Однажды забежал Степа и сообщил, что он уже не сицилист , а важная птица, что свел он знакомство с семейкой голубей, и что он тоже – голубь; слухи о голубях пересекали теперь все пути моего героя и к слухам этим прислушивался он жадно; но как же был он удивлен, когда Степа ему зашептал в ухо, что голуби о герое моем осведомлены весьма, и что его нынче они призывают к дуба дуплу на солнечном на закате, и что после уже, глухою ночью, с ним повстречается там добрый один человек.

– Тут не без Матренки-с, смею уверить вас! – подмигивал Степа, но когда посторонние вошли в избу, он тряхнул волосами и заорал вовсе неведомую для тех ушей песнь:

 

Ах ты слон, слон, слон –

Хоботарь, хоботарь:

Клыка Клыкович –

Тромба Тромбович

Трембове-еель-ский…

 

И уже герой мой вот – у старого дуба: сердце его замирает; тут он соображает, что перепутались его и ночи, и дни; но уже вспять нет возврата; и уже ему сладко жить в лихорадочном сне; лучше о Кате не вспоминать: ведь то прошлое умерло; крепко задумался он у опушки лесной; вдруг захотелось еловую сорвать ветвь, завязать концы, да надеть на себя вместо шапки; так и сделал; и, увенчанный этим зеленым колючим венцом, с вставшим лапчатым рогом над лбом, с протянувшимся вдоль спины зеленым пером, он имел дикий, гордый и себе самому чуждый вид; так и полез в дупло; долго ли, мало ли ждал – не помнит; и не знает, чего он ждал.

Смотрит, – а она, Матрена Семеновна, и выходит с пустым лукошком да с цветами из лесу; тут понял он, что сама она его через Степу звала; собрался с духом, прыг из дупла перед ней на дорогу; будто даже ее напугал углем испачканным лицом (видно, в дупле пастухи разводили огонь).

– Ох, испужали!

Она – рябая, пренеказистая из себя: с большим животом; не понимает он, что это все его тянет, потягивает к ней; а она и не вспыхнет румянцем: уставилась в ноги; под ногами кочка, желтеющая перепеченным листом; под листом ползающий мурашик.

– Вы – по грибы? Вы звали меня?

– Я-то? Ох, чтой-то: кака така у нас натапность в табе?
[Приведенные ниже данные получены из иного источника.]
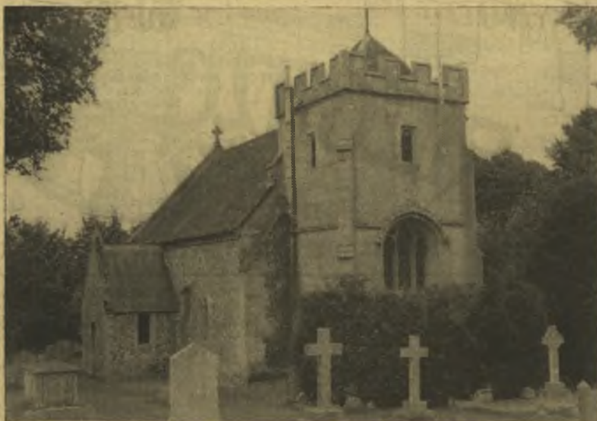
ST. GEORGE'S, ORCHESTON

Berwick St. James (4). —In terrible condition. Broken wheels, clappers missing. Really a five, with the 4th represented only by a headstock.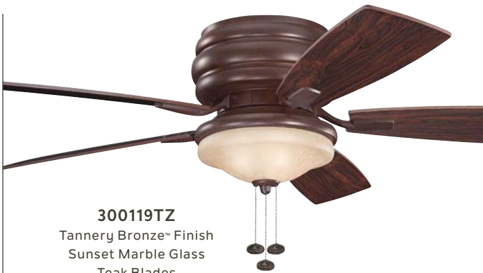
300119TZ Tannery Bronze™ Finish Sunset Marble Glass Teak Blades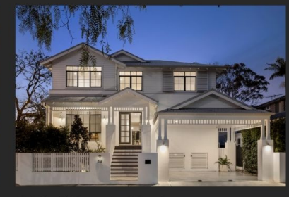
54 Golf Parade, Manly

Contemporary beach house with stunning ocean views Auction 12th August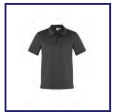
CODE: P1B LADIES/MENS BLACK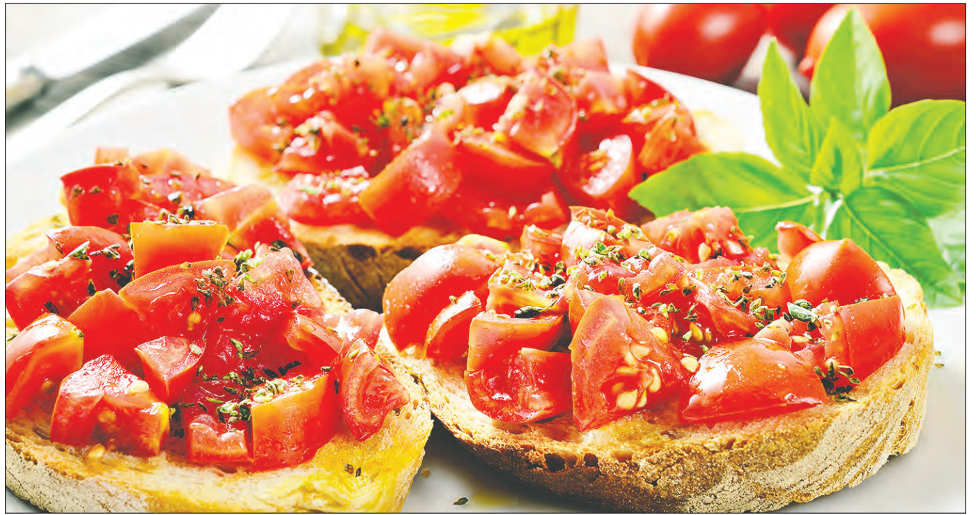
Bruschetta - Fresh tomatoes with a few simple ingredients and you have a restaurant-worthy appetizer or snack from your own kitchen.

Here you are Judy, free with your subscription: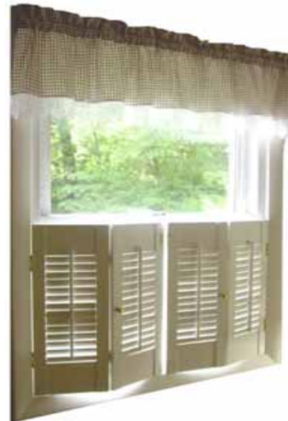
Traditional Bifolding Louvers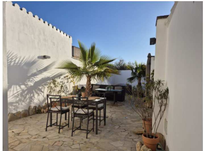
Tastefully renovated townhouse with cozy patio in Llucmajor

– Значит, цветы собирали; а вы цветы любите?

– Абнакнавенна, любим…

– Дайте же мне цветок!…

– На, бери, выбирай кветы…

И прошлась по нем взглядом, да каким! Синие в ее глазах из-за рябого лица заходили моря; пучина вырвалась в ее взгляде, и уж он в холодном водовороте страсти.

– Позволите с вами, Матрена Семеновна, пройтись?
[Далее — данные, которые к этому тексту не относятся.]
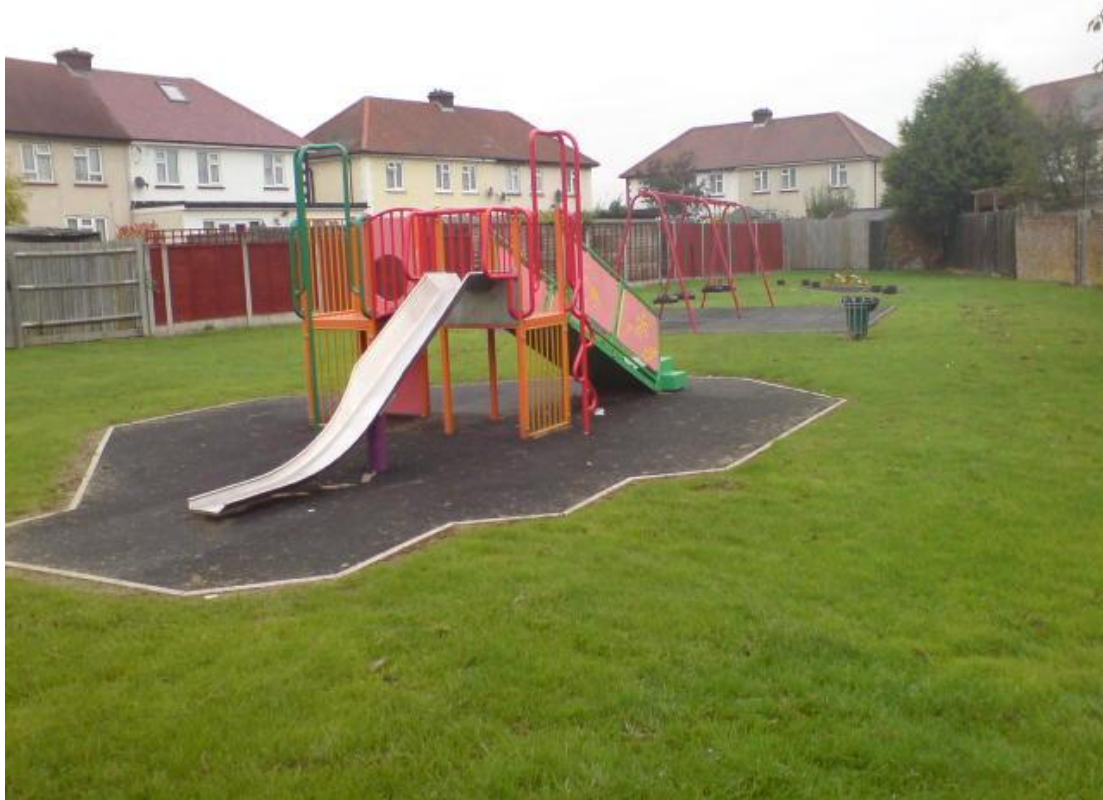
Harold Crescent Playground, Site CY5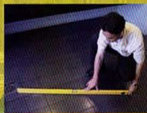
Checking fall of floor in wet areas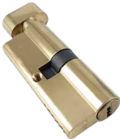
76MM雙排珠電腦匙手扭葫蘆膽(銅拋光) Euro Profile Cylinder and Turn, Polished Brass Finish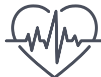
Heart palpitations, rapid or pounding heart rate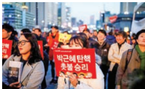
People attend a rally calling for impeached President Park Geun-hye's arrest in central Seoul, South Korea on 10 March, 2017. The sign reads 'Park Geun-hye is impeached, We won'.

The Constitutional Court dismissed Park from office on Friday when it upheld a parliamentary im-

– Иди, коли ндравится: праселак опчий…

А сама себе улыбается, – глазами посверкивает, а глаза-то – косые: один – на тебя, другой – в сторону; и так-то она улепетывает к деревне; только мелькают пятки; а изъезженная дорога вся из тончайшей пыли; из-под пяток своих в нос ему Матрена закидывает пыль; он же думает про то, что она косая, и как это хорошо.

– Я давно искал случая с вами поговорить.

– Ну, и сыскал случай…

– Я и вчера, как вас видел, хотел подойти…

– Что ж даве убёк?…

Усмехается, будто на смех хочет поднять; передернула грудью и опустила глаза, а у губ складочка такая прошлась, что одна срамота; а он думает, как хорошо, что у нее вот такая вот складочка; ей же и горя мало: улепетывает от него, и уже вот – деревня: а из деревни куда-то вкось Степа проходит с гармоникой, делает вид, что не видит, и дерет глотку:

 

Ах ты слон, слон, слон -

Хоботарь:

Тромба Тромбович

Трембовее-еель-ский…

 

– Таперича, – вдруг обернулась Матрена, – вертай ты к своему дуплу; поди соседи увидять, французенке твоей донесуть, Катерине Васильевне донесуть, – усмехнулась нагло она, – твому писаному ангелочку.

– Ишь ты – какая!

Как она фыркнет, как фыркнет – лицом в передник, да от него издали: еще у деревенского у плетня на него обернулась:

– Заходи, коли ндравлюсь табе… И перелезла плетень…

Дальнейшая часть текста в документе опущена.